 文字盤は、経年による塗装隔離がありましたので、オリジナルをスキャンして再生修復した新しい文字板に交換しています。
* * *
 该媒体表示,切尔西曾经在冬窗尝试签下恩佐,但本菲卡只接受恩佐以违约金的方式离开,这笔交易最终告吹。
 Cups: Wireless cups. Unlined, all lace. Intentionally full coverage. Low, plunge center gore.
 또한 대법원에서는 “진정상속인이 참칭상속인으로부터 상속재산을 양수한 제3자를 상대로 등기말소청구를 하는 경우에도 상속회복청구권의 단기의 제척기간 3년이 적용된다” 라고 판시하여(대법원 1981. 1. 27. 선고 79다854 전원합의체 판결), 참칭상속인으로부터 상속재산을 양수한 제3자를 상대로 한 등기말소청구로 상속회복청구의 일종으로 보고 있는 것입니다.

» TASK STATEMENT
Within the listing above, the range opens at the line with "该媒体表示,切尔西曾经在冬窗" and closes at the line with "Cups: Wireless cups.". Reproduce exactly the lines of that range, including both ends.

» TASK OUTPUT
 该媒体表示,切尔西曾经在冬窗尝试签下恩佐,但本菲卡只接受恩佐以违约金的方式离开,这笔交易最终告吹。
 Cups: Wireless cups. Unlined, all lace. Intentionally full coverage. Low, plunge center gore.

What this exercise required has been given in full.